EFForg / OpenWireless

The official home of the EFF OpenWireless Project
Other
732 stars 80 forks source link

Some DNS names fail to resolve #225

Open jsha opened 10 years ago

jsha commented 10 years ago

Steps to reproduce:

  $ nslookup mozilla.org 172.30.42.1
;; Truncated, retrying in TCP mode.
;; communications error to 172.30.42.1#53: end of file

$ nslookup google.com 172.30.42.1
Server:         172.30.42.1
Address:        172.30.42.1#53

Non-authoritative answer:
Name:   google.com
Address: 173.194.68.101
Name:   google.com
Address: 173.194.68.102
Name:   google.com
Address: 173.194.68.138
Name:   google.com
Address: 173.194.68.113
Name:   google.com
Address: 173.194.68.139
Name:   google.com
Address: 173.194.68.100

It's strange that only mozilla.org fails to resolve. And if you log on to the router, they resolve successfully.

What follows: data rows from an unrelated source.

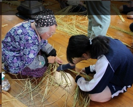
アコ基金50周年記念式典

平成17年仁多町社会福祉協議会と横田町社会福祉協議会が合併し、「奥出雲町社会福祉協議会」が発足しました。今年、創立から20周年を迎えました。
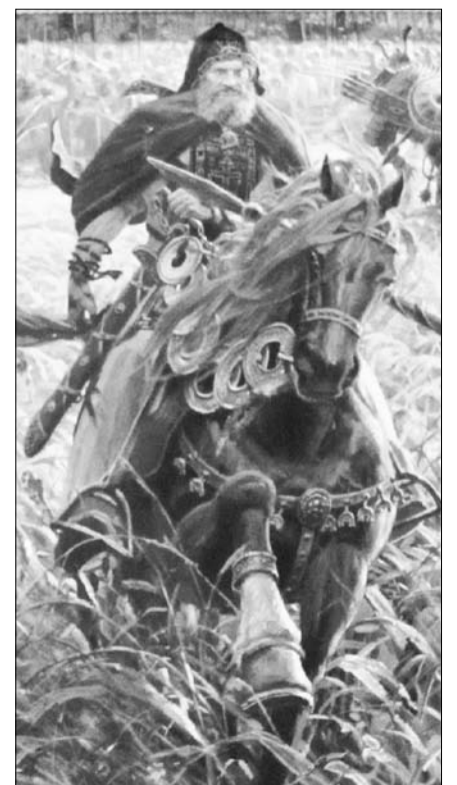
П. Рыженко «Пересвет». Фрагмент картины.
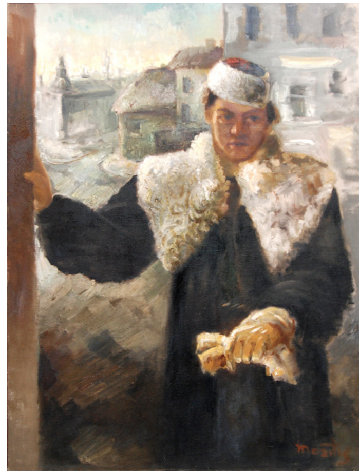
Ainas portrets 1936, audekls, eļļa, 132 x 97 cm
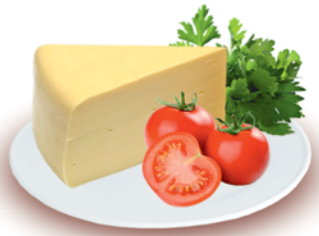
СЫР "ГОЛЛАНДСКИЙ", ж.45%, 1кг
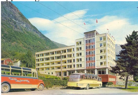
Hotel Alexandra 1962

I slutten av 50-åra starta utbygginga av det noverande hotellet. Fram til 1969 var hotellet eit sommarhotell, men vinteren 1968 / 69 vart den eldste delen av hotellet rive, og eit nytt og moderne bygg gav grunnlag for ei utvikling i retning av heilårsdrift. Hotellet starta med heilårsdrift frå ca 1974. Frå 80-åra vart det satsa på bygging av symjehall, utviding av kongressalar, nye rom, ny dansesal, utviding av hageanlegg og stadig oppussing av heile hotellet..
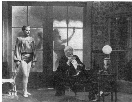
Zwei alte Bekannte, der Bote des Guten und des Bösen, treffen sich. Bild rechts: Der Böse lenkt den Tanz der Welt.

Zuschlag.) Selbstverständlich kann Eintritt verlangt werden. Wird ein solcher nicht erhoben, erhöht sich der Preis um Fr. 5.—. Allfällige Ueberschüsse fallen zur Hälfte dem betreffenden Pfarramt oder Kirchenbehörde für wohltätige Zwecke zu. — Weitere Schmalfilme in Vorbereitung. — Alle Auskünfte durch die Schweizerische Protestantische Film- und Radiozentralstelle, Luzern, Brambergstrasse 21, Telefon (041) 2 68 31.
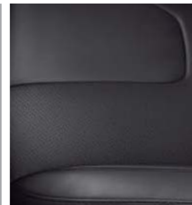
Skóra perforowana Salerno w kolorze Charcoal Black (Opcja w wersjach Titanium oraz Titanium Hybrid)
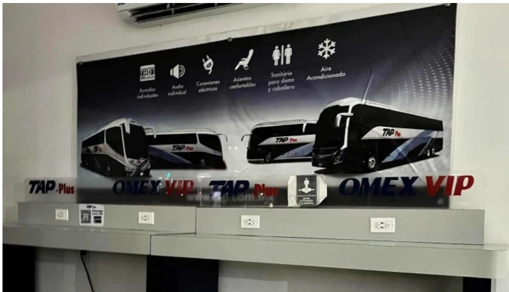
Terminal de autobuses tap los mochis comentarios
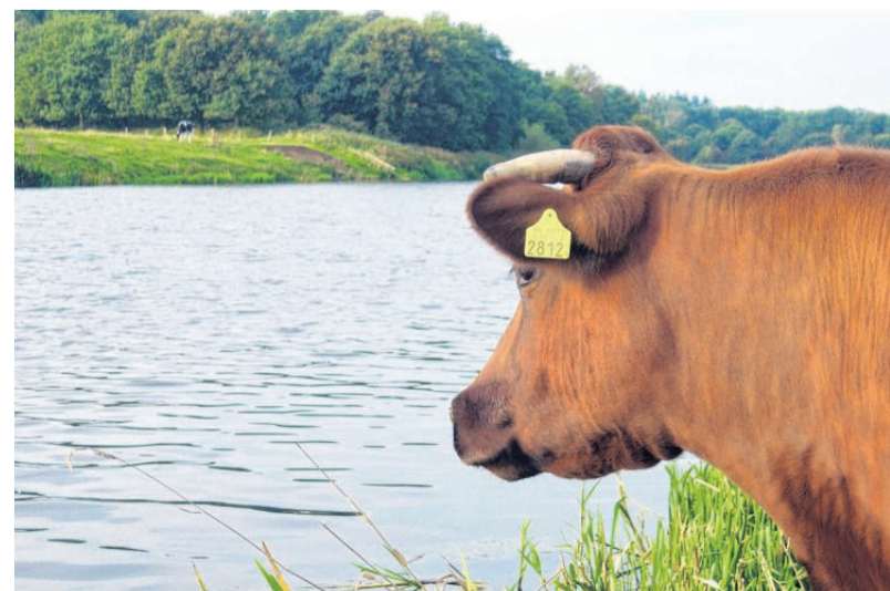
Tierische Aussichten: Einen interessierten Blick auf die Vechte werfen nicht nur Touristen, sondern auch die Kühe, die längs des Ufers weiden.

Sieben Stationen – Bauernhöfe und Restaurants – hat die Smaak-
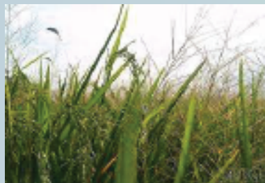
Zacate de agua ( Leptochloa spp )
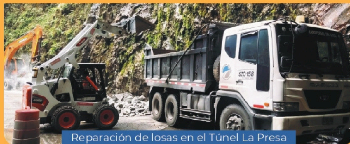
Reparación de losas en el Túnel La Presa
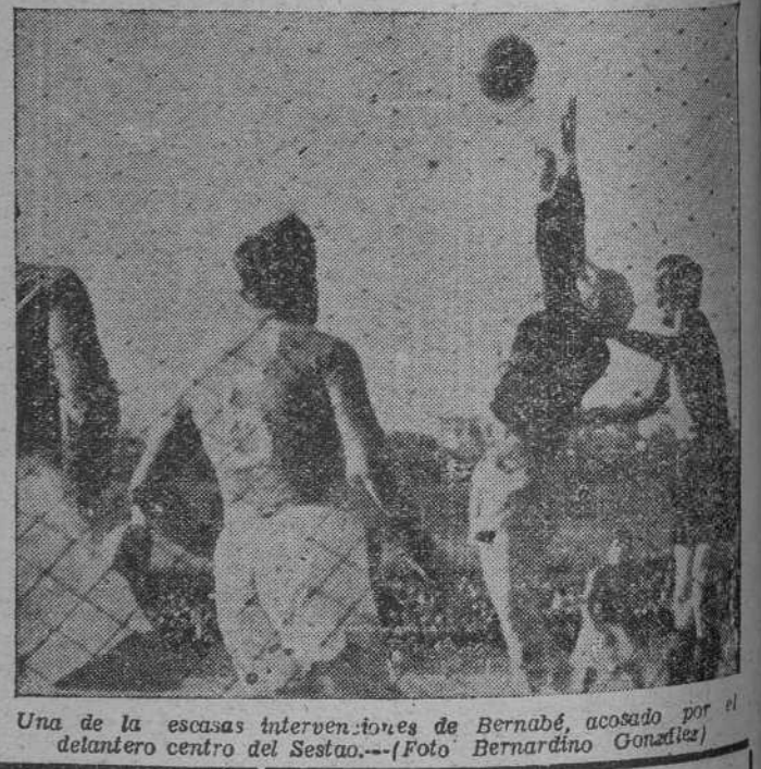
Una de las escasas intervenciones de Bernabé, acosado por el delantero centro del Sestao.
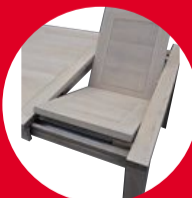
TABLE BASSE 1 TIROIR TRAVERSANT , 1 allonge portefeuille 100x42x50 chêne massif 612€ dont 2.50€ d'écotaxe

TABLE 2 ALLONGES ESCAMOTABLES 110x77x40 (230 cm ouverte), chêne massif 899€ dont 4.50€ d'écotaxe, existe en 160x100 et en 200x110
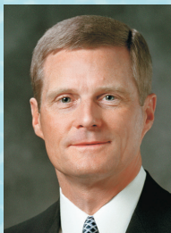
От старейшина Дейвид А. Беднар

Note that both mozilla.org and google.com have an AAAA (IPv6) response in addition to the A (IPv4) response, so that's not a factor:

root@cerowrt:~# nslookup mozilla.org 172.30.42.1
Server:    172.30.42.1
Address 1: 172.30.42.1

Name:      mozilla.org
Address 1: 2620:101:8008:5::2:1 bedrock-prod.zlb.phx.mozilla.net
Address 2: 63.245.215.20 bedrock-prod-zlb.vips.scl3.mozilla.com

root@cerowrt:~# nslookup google.com 172.30.42.1
Server:    172.30.42.1
Address 1: 172.30.42.1

Name:      google.com
Address 1: 2607:f8b0:400d:c06::8b qh-in-x8b.1e100.net
Address 2: 74.125.22.113 qh-in-f113.1e100.net
Address 3: 74.125.22.139 qh-in-f139.1e100.net
Address 4: 74.125.22.101 qh-in-f101.1e100.net
Address 5: 74.125.22.102 qh-in-f102.1e100.net
Address 6: 74.125.22.138 qh-in-f138.1e100.net
Address 7: 74.125.22.100 qh-in-f100.1e100.net

The next step to debug would probably be to take a packet capture of the nslookup using e.g. Wireshark. If you take a capture of the lookup on a non-OpenWireless network as well you should be able to see the difference between success and failure.

jsha commented 10 years ago

image

I took a packet capture and viewed it in Wireshark. On the left is a failed request from the OpenWireless public network (also repros on the private network). On the right is a successful request from the upstream network. The only difference between the two is that the flag 'Truncated: Message is truncated' is set on the failed request. Which is odd since both responses are the same length.

Since this is a DNS-layer problem, I'm leaning towards the idea that it might be an issue in dnsmasq. Still not sure.

RussellSenior commented 10 years ago

This looks like it might be relevant: http://lists.thekelleys.org.uk/pipermail/dnsmasq-discuss/2009q2/002962.html

davidstrauss commented 10 years ago

Would it be possible to switch to Unbound instead of dnsmasq? The DNSSec validation would be a great addition to the platform.